Obra con cierto encanto pero menor, que confirma el discutible momento creativo por el que pasa Paul Auster
Sorprende que, habiéndole costado mucho concretar su segundo proyecto como director en solitario tras Lulu on the Bridge (1998), el escritor Paul Auster haya sido tan poco ambicioso en esta su nueva película, auspiciada modestamente por productoras españolas, portuguesas y francesas.
Esa carencia de ambición no tiene tanto que ver con la evidente pobreza de los aspectos técnicos o el hecho de que sólo aparezcan cuatro actores en pantalla. Se trata más bien de que el guión de La vida interior de Martin Frost apenas sobrepasa la categoría de fábula, y no demasiado elaborada ni sugestiva. Quizás sea cierto que Auster, también hemos podido percibirlo en sus novelas recientes, ya no es el que era.
Aun así, la película ofrece retazos indudables de su buen hacer y sus atractivas obsesiones. Y durante su primera mitad, derivada de un episodio de su novela “El Libro de las Ilusiones” (2002), vuela a gran altura: Martin (David Thewlis) acaba de entregar a su editor una nueva novela y, agotado, se retira a descansar durante un par de semanas en la casa de unos amigos que están de viaje. Su plan de vivir durante unos días “como una piedra” se viene abajo cuando aparece Claire (Irène Jacob), en apariencia otra conocida de los amigos de Martin. El novelista inicia una apasionada relación con ella y, a la vez, siente renacer en sí la creatividad, que le empuja a escribir el que presiente será uno de sus mejores relatos.

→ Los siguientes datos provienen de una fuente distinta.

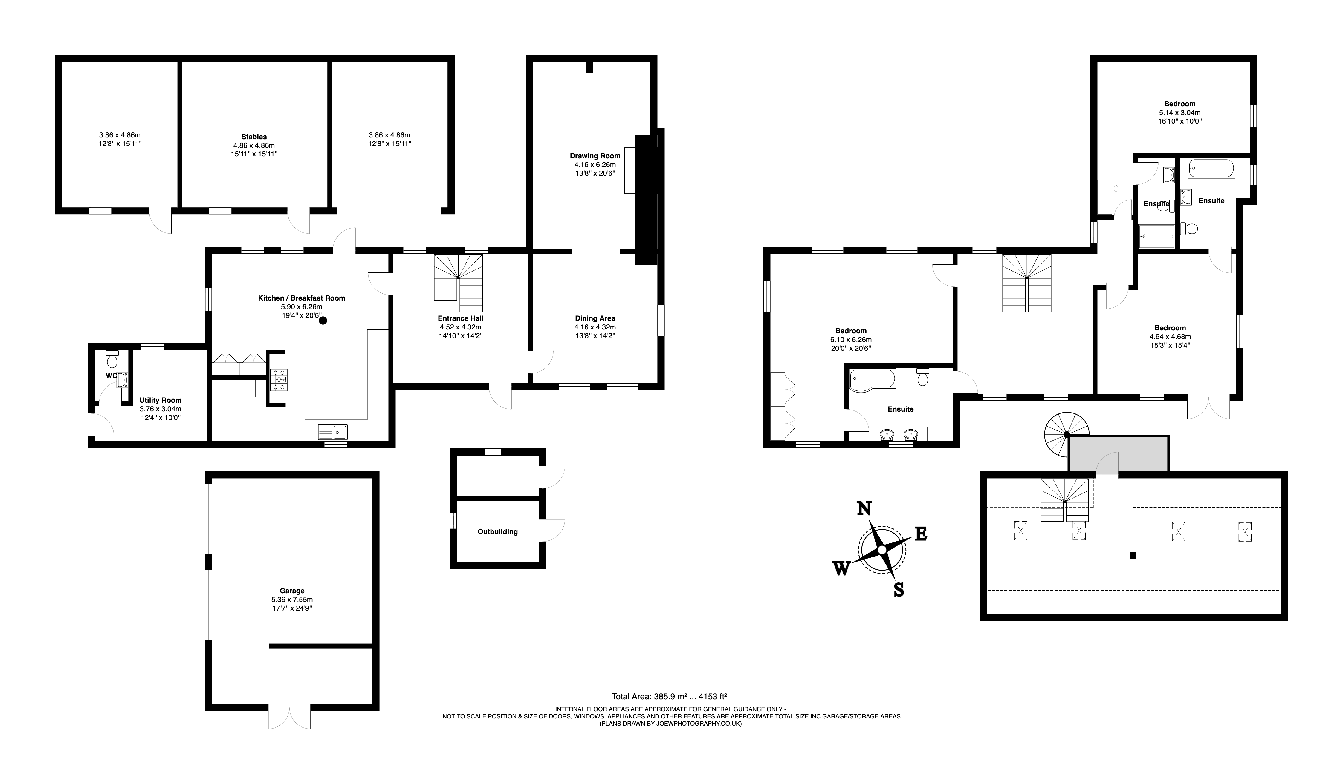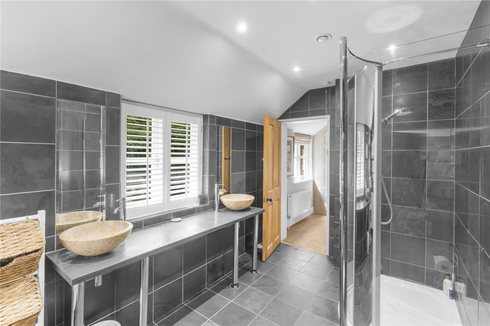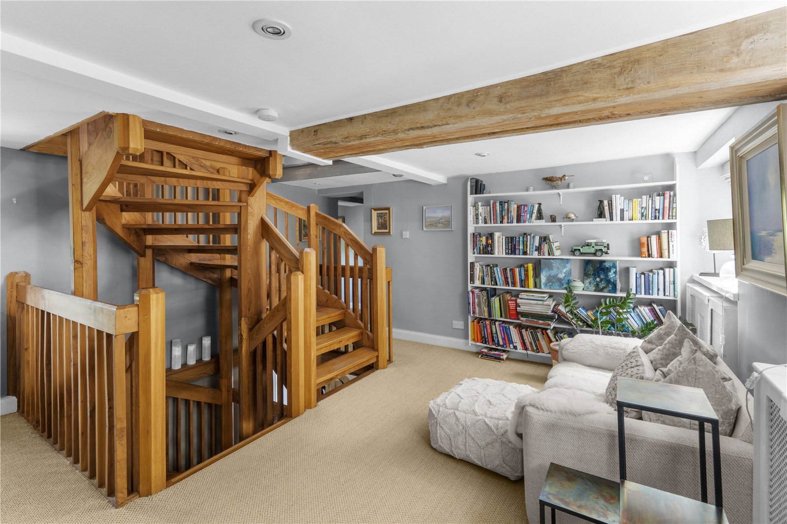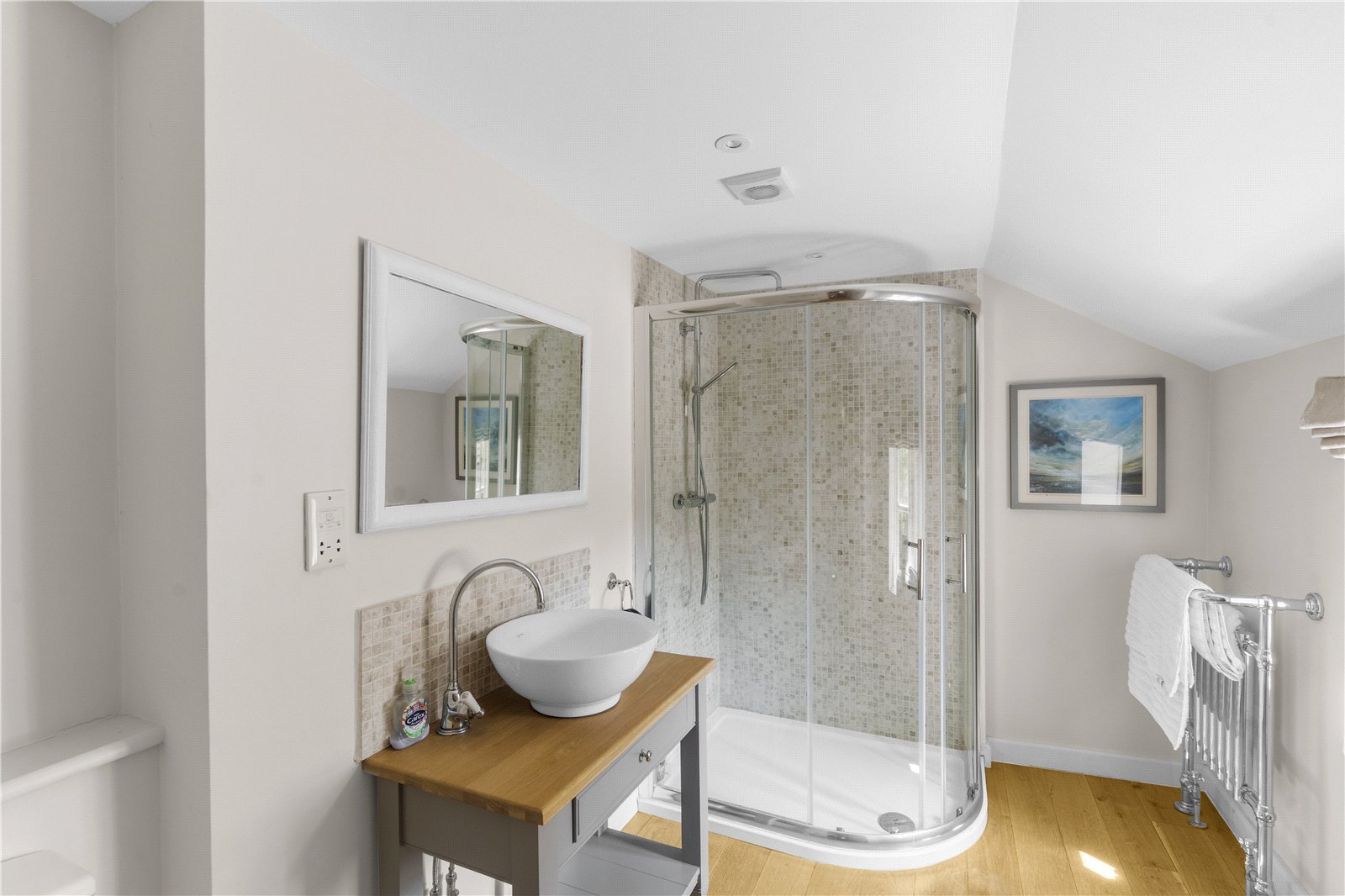 On the first floor, there is a galleried landing / library with two bedrooms both benefitting from en-suite facilities. The impressive master bedroom suite has a feature freestanding bath, oak floors, a vaulted ceiling and an en-suite shower room with built-in wardrobes. On the second floor there is a potential fourth bedroom currently used as a studio area with separate external access.

Resultan muy emocionantes estos minutos del film, que, como indican el título, las primeras palabras de Martin en off (“la casa estaba vacía”), y el hecho de que esa voz pertenezca en realidad al propio director, son el reflejo de una manera de vivir que es la propia de los escritores, la que Auster ha inmortalizado en su obra. Es decir, existencias en las que es imposible y absurdo distinguir entre lo que es real, lo que es ficción, lo que es soledad y lo que es el amor, pues todo viene a ser un laberinto inabarcable para la mente, para la creación, y ésta un modo de habitar el mundo y de que el mundo habite en nosotros.
Desgraciadamente, una vez la musa, el amor de Martin, desaparece, también la película pierde mucho de su romanticismo y su magia, y empieza a delatar lo simple de su planteamiento. La aparición de la hija de Auster, Sophie, propicia algunos momentos de vergüenza ajena cuando el padre orgulloso nos muestra sin venir a cuento lo bien que recita y canta su hija (Sophie canta en la realidad); y la historia se cierra de forma arbitraria, muy decepcionante, después de haberse alargado con torpeza gracias, entre otras cosas, a unos flash-backs innecesarios.
La excelente interpretación de David Thewlis, últimamente un poco perdido en papeles muy menores, y la bellísima secuencia en la que Martin resucita a Clair a costa de su relato, bastarían para recomendar una película que, aun con unos cuantos defectos, destila un encanto especial que, lástima, no va más allá.